>>>>

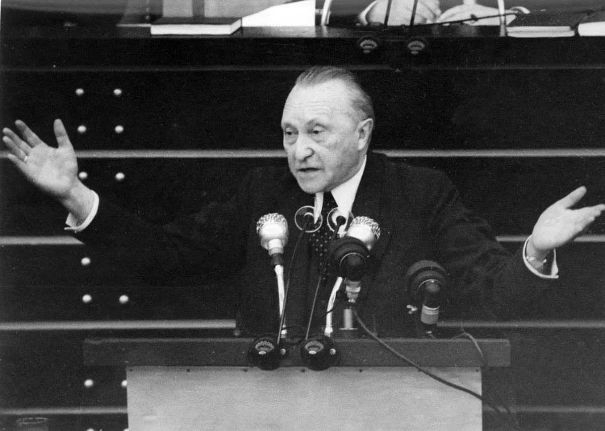 Аденауэр находился у власти 12 лет, ровно столько, сколько господствовал Гитлер, и он использовал это время на то, чтобы уничтожить большую часть вреда, который причинил Германии его предшественник.
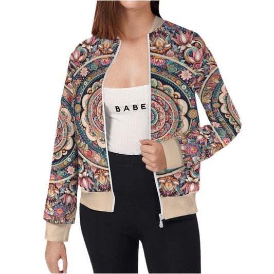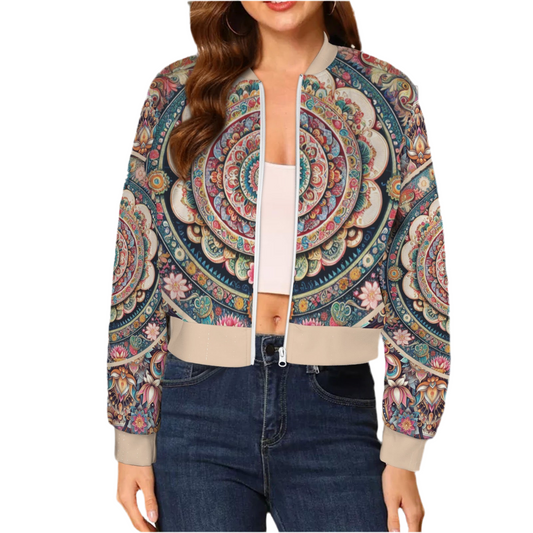 Mandala Casual Long Sleeve Zip-Up Bomber Jacket (short waist)
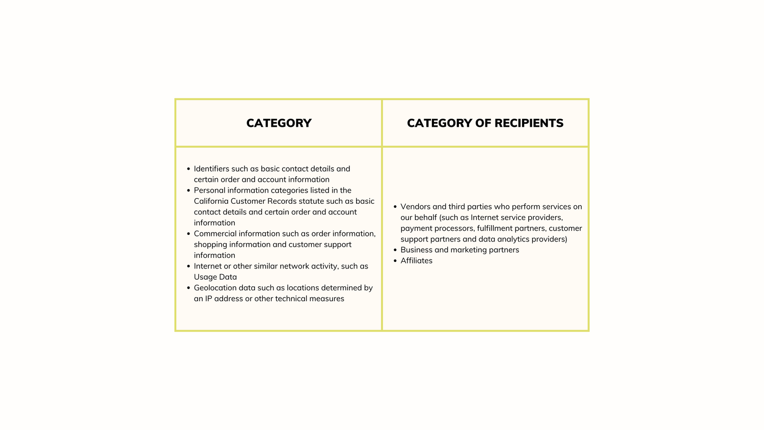 - Our payment processors, who collect payment information (e.g., bank account, credit or debit card information, billing address) to process your payment in order to fulfill your orders and provide you with products or services you have requested, in order to perform our contract with you.

<<<<

Leaving every picture out, output the data exactly as it stands.

 Аденауэр находился у власти 12 лет, ровно столько, сколько господствовал Гитлер, и он использовал это время на то, чтобы уничтожить большую часть вреда, который причинил Германии его предшественник.
 Mandala Casual Long Sleeve Zip-Up Bomber Jacket (short waist)
 - Our payment processors, who collect payment information (e.g., bank account, credit or debit card information, billing address) to process your payment in order to fulfill your orders and provide you with products or services you have requested, in order to perform our contract with you.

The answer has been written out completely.